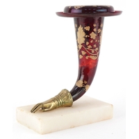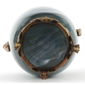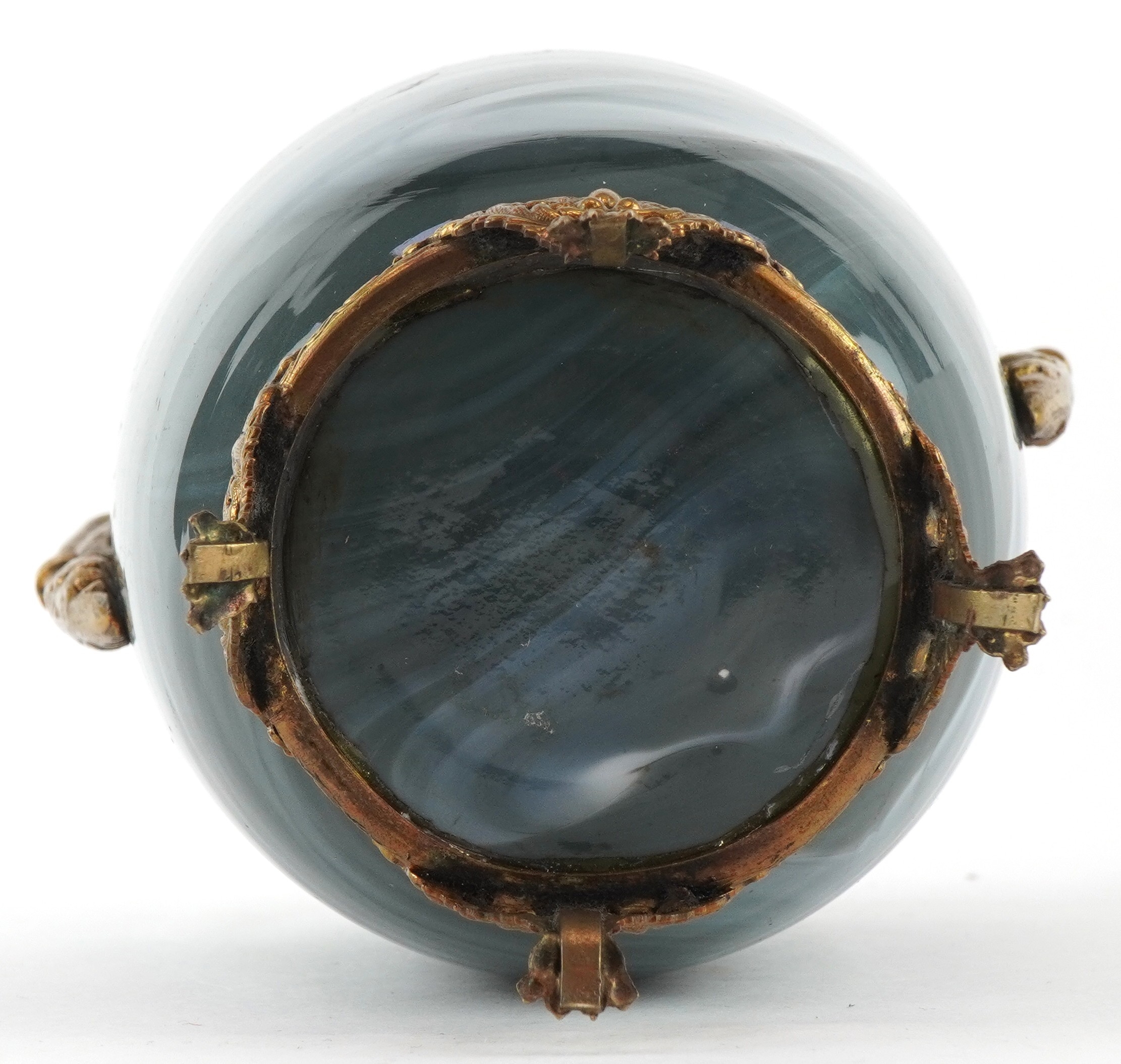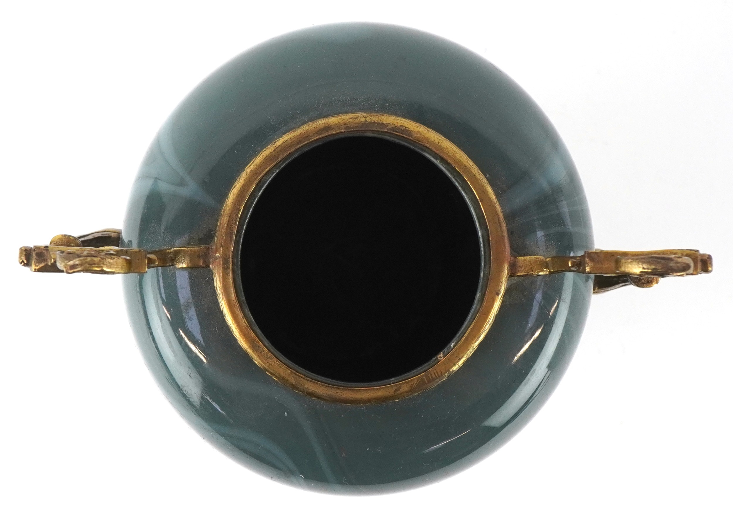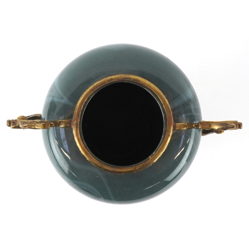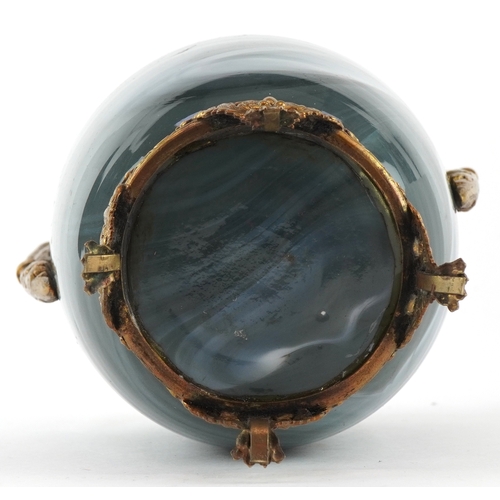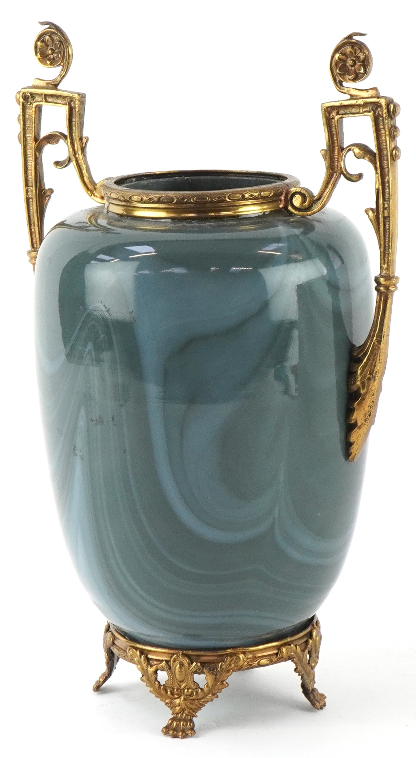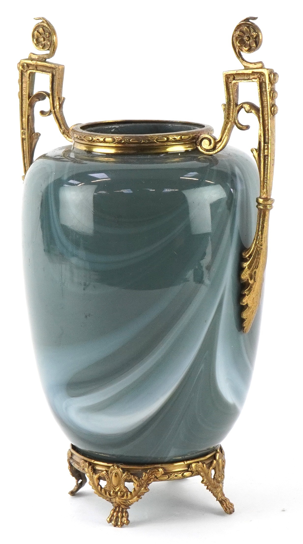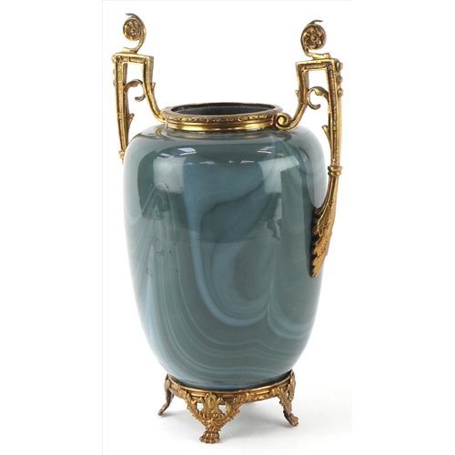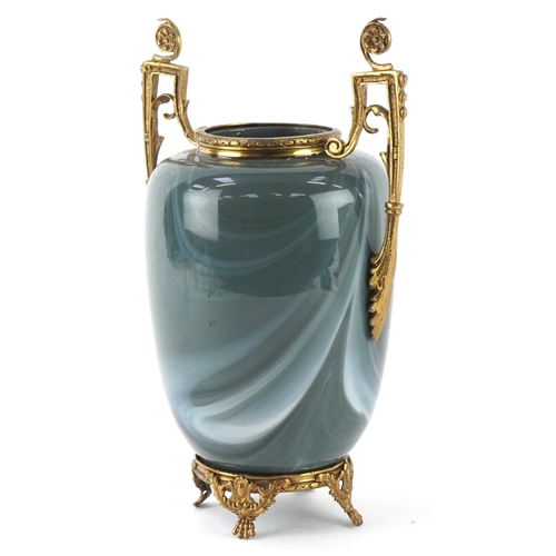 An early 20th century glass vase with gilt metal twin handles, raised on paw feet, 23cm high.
--------------------------------------------------
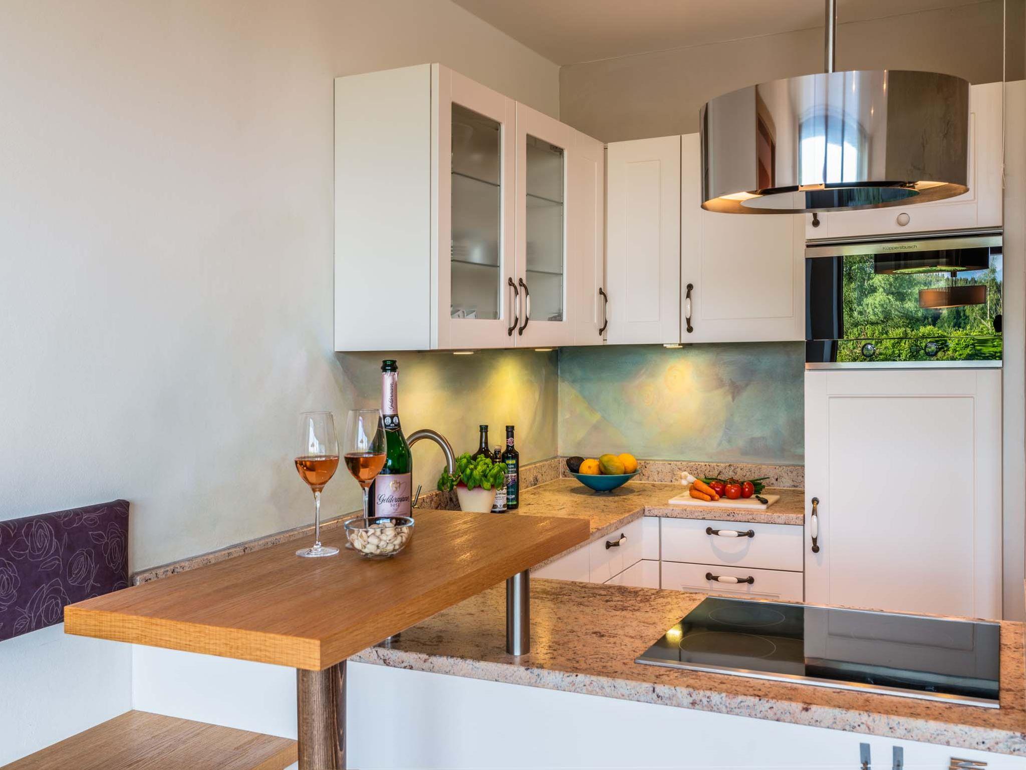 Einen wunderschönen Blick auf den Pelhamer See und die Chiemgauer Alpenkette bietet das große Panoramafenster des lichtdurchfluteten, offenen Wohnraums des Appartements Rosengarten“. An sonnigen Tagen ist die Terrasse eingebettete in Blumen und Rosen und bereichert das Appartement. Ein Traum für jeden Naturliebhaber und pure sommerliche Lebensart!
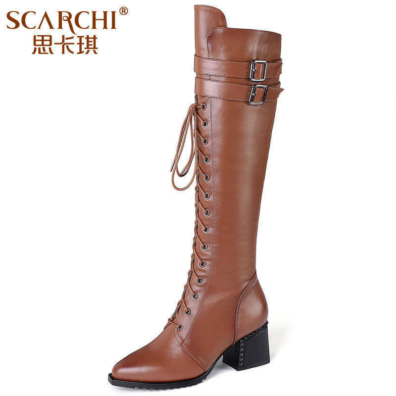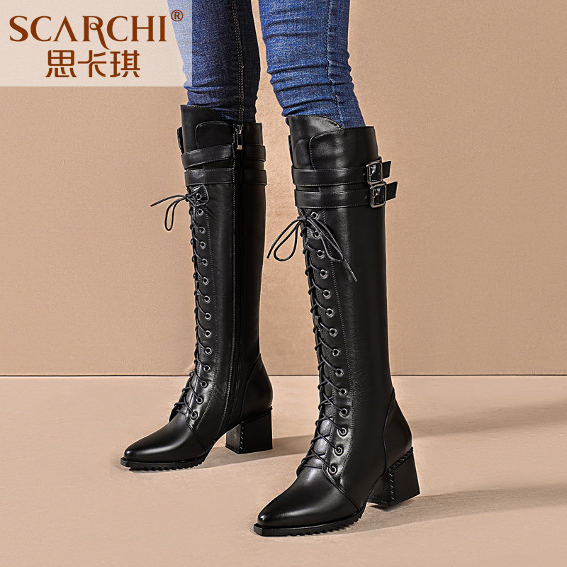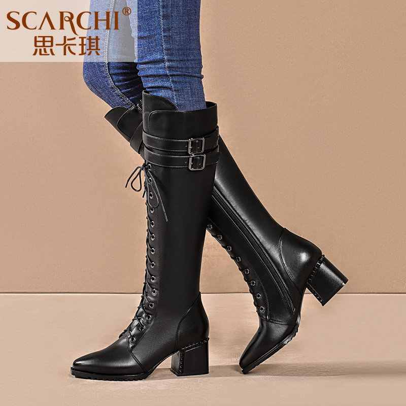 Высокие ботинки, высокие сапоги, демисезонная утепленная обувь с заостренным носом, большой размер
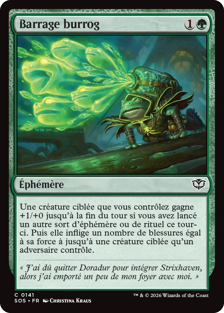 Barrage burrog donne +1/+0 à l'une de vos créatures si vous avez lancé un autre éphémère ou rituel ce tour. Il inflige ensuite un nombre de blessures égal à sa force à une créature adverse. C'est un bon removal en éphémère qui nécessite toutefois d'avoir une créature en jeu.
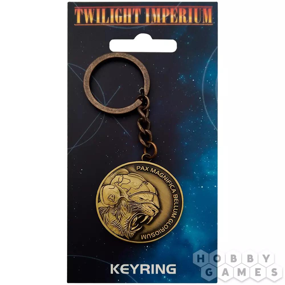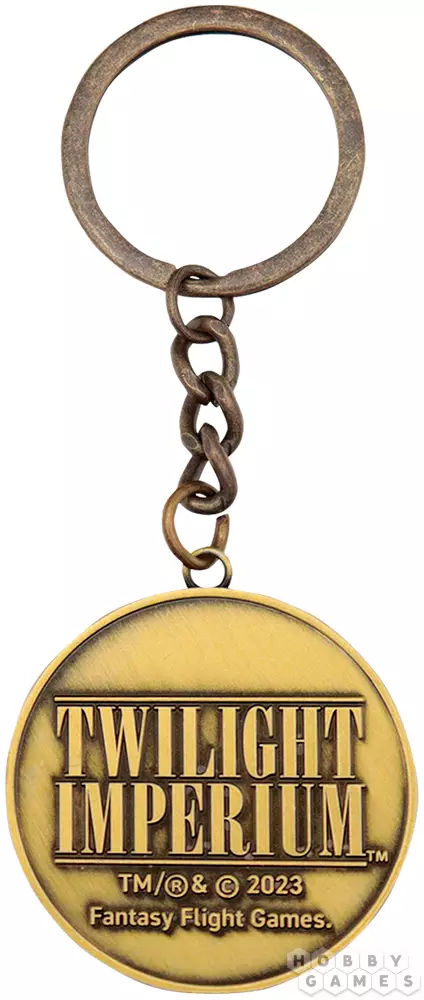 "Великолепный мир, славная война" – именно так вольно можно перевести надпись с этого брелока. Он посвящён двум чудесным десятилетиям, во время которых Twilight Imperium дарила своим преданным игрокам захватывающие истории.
--------------------------------------------------
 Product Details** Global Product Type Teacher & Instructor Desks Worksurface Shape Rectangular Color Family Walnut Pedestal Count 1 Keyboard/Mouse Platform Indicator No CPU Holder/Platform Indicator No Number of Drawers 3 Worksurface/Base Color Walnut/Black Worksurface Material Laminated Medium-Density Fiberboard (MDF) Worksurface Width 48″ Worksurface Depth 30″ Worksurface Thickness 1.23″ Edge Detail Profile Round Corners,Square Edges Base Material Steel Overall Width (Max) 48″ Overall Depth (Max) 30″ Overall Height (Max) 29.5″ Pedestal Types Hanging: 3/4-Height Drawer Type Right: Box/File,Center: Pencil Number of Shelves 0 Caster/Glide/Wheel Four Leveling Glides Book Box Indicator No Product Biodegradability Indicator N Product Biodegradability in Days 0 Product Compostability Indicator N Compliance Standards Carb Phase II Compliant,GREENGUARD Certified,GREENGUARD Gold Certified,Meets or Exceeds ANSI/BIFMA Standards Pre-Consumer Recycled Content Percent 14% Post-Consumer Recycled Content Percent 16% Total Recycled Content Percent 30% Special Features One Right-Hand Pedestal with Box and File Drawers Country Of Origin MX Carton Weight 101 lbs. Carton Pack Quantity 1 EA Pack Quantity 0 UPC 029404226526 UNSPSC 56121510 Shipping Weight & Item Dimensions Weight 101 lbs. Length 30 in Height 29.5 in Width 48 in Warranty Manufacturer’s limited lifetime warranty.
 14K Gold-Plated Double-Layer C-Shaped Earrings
--------------------------------------------------
Task objective: Return exactly the lines that appear in the data above between the line containing "Высокие ботинки, высокие" and the line containing "игрокам захватывающие истории.", both of which are included, and leave the pictures out.

Response to this task:
 Высокие ботинки, высокие сапоги, демисезонная утепленная обувь с заостренным носом, большой размер
 Barrage burrog donne +1/+0 à l'une de vos créatures si vous avez lancé un autre éphémère ou rituel ce tour. Il inflige ensuite un nombre de blessures égal à sa force à une créature adverse. C'est un bon removal en éphémère qui nécessite toutefois d'avoir une créature en jeu.
 "Великолепный мир, славная война" – именно так вольно можно перевести надпись с этого брелока. Он посвящён двум чудесным десятилетиям, во время которых Twilight Imperium дарила своим преданным игрокам захватывающие истории.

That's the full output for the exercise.